Morse Barnes Brown and Pendleton

Friday, September 26, 2008

Policy Tracker

Hockfield: More fed R&D funding is key to progress

MIT President Susan Hockfield urged Congress last week to sharply increase federal funding for energy research, saying such a move could help unleash an “energy revolution” capable of resolving several of America’s problems at once.

“We stand on the verge of a global energy technology revolution,” Hockfield said in testimony before the House Select Committee on Energy Independence and Global Warming in Washington. “The question before us is: Will America lead it and reap the rewards? Or will we surrender that advantage to other countries with clearer vision?”

At the hearing, Hockfield said boosting federal energy research could simultaneously help address the problems of a shaky economy, geopolitical instabilities linked to energy consumption and security, and the growing evidence of climate change.

Chaired by U.S. Rep. Edward Markey, D-Mass., the select committee was created last year to address issues related to the urgent challenges of oil dependence and climate change. In addition to Hockfield, the committee heard testimony from Stephen Forrest, vice president of research at the University of Michigan; Jack Fellows, vice president of the University Corporation for Atmospheric Research; and Daniel Kammen, professor at UC-Berkeley.

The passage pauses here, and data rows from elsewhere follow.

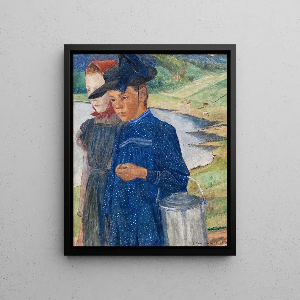 Reproduktion Deux filles sur la route - Carl Wilhelmson – Fesselnde Einführung In der reichen und faszinierenden Welt der Kunst gelingt es einigen Werken, die Essenz der Menschlichkeit durch Szenen des Alltags einzufangen. "Zwei Mädchen auf der Straße", geschaffen von Carl Wilhelmson, ist eines dieser Werke, das eine sanfte Melancholie und zeitlose Schönheit evoziert. Dieses Gemälde, das im Herzen einer lebendigen Natur entfaltet wird, hebt die Verbundenheit und Unbekümmertheit der Kindheit hervor und lädt den Betrachter ein, in eine Welt voller Nostalgie einzutauchen. Der Künstler schafft es, mit einer zarten Farbpalette und subtiler Lichtführung eine Atmosphäre zu kreieren, die sowohl beruhigend als auch evocativ ist, wobei jedes Detail eine Geschichte zu erzählen scheint. Stil und Einzigartigkeit des Werks Der Stil von Carl Wilhelmson zeichnet sich durch seinen impressionistischen Ansatz aus, bei dem Licht und Farbe eine zentrale Rolle spielen. In "Zwei Mädchen auf der Straße" ist die Komposition sorgfältig gestaltet, wobei die beiden Protagonistinnen in einem Raum erscheinen, der sowohl intim als auch offen wirkt. Die Nuancen von Grün und Blau, kombiniert mit goldenen Lichtakzenten, verleihen dem Werk eine fast traumhafte Dimension. Die Gesichter der Mädchen, zart skizziert, drücken eine Bandbreite an Emotionen aus, von Freude bis Kontemplation. Wilhelmson gelingt es, den flüchtigen Moment der Kindheit einzufangen, eine Zeit, in der jeder Augenblick von Magie und Entdeckungen geprägt ist. Die Fließfähigkeit der Linien und die Leichtigkeit der Formen zeugen von einer technischen Meisterschaft, die den reinen Realismus übertrifft und eine poetische Sicht auf das Leben bietet. Der Künstler und sein Einfluss Carl Wilhelmson, eine bedeutende Figur der schwedischen Kunst des frühen 20. Jahrhunderts, konnte sich dank seines Talents und seiner Sensibilität durchsetzen. Ausgebildet an der Königlichen Kunstakademie Stockholm, wurde er von den großen Meistern des Impressionismus beeinflusst, entwickelte jedoch einen eigenen Stil. Sein Werk ist geprägt von einer ständigen Suche nach Licht und Farbe, Elementen, die er als wesentlich erachtet, um menschliche Emotionen zu vermitteln. Wilhelmson war auch ein leidenschaftlicher Verfechter der Natur, die in seinen Gemälden oft als eigenständige Figur dargestellt wird. Sein Einfluss auf seine Zeitgenossen
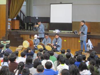 本日、下谷本囃子保存会のみなさんが来校し、伝統のお囃子を披露してくださいました。
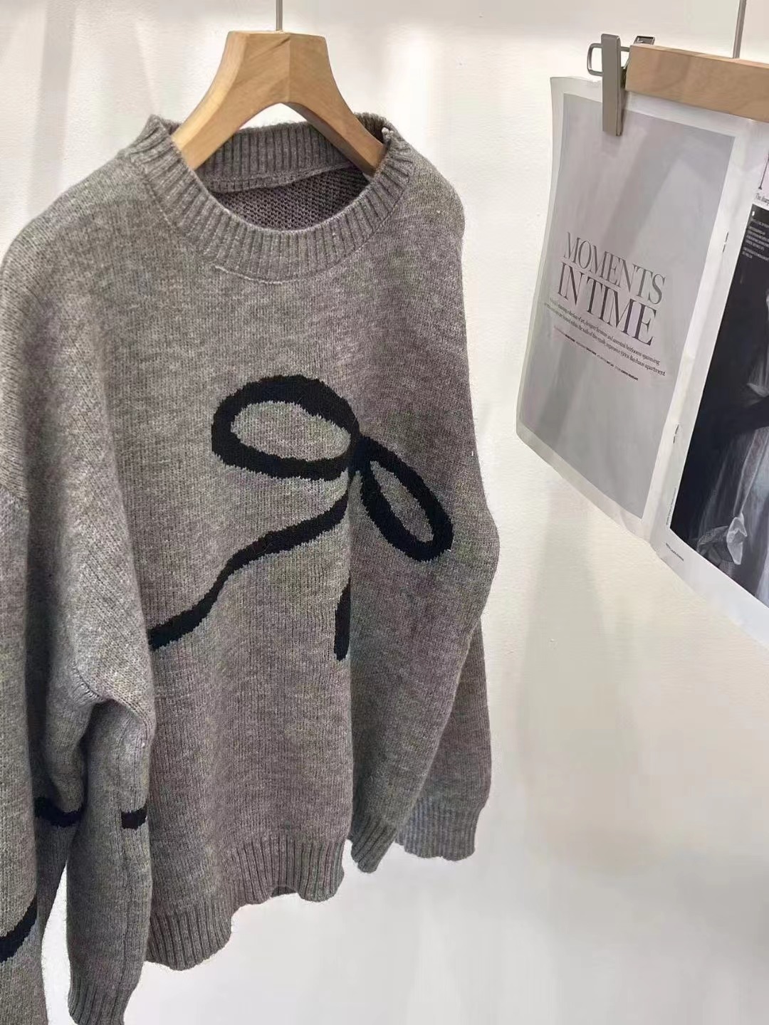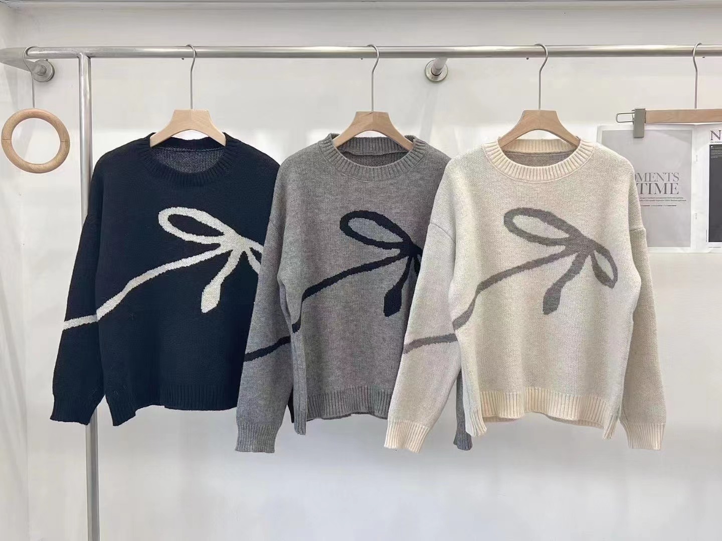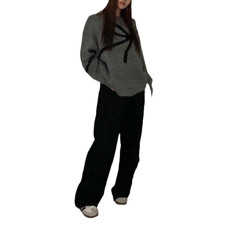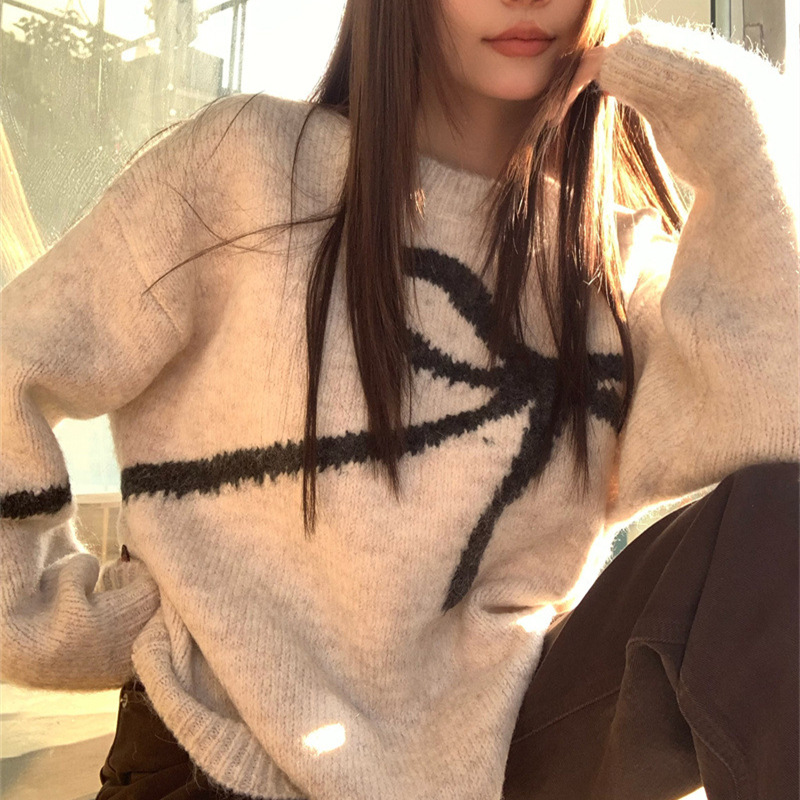 Brownm Brownm New 2024 Korean Version Of The Versatile Design Bow Knit Loose Soft Waxy Round Collar Sweater

While federal funding for energy research has helped power the economy in the past, Hockfield noted, it has dwindled alarmingly in recent years, from 10 percent of the federal research budget in 1980 to just 2 percent today. At the same time, corporate R&D by energy companies has also plummeted, she said, to less than one-quarter of 1 percent of revenues, compared to the 18 percent invested by pharmaceutical companies.

“Congress funded the basic research that spawned the information technology revolution and the biotech revolution,” she said. “Today, to spark an energy revolution, Congress must lead again.”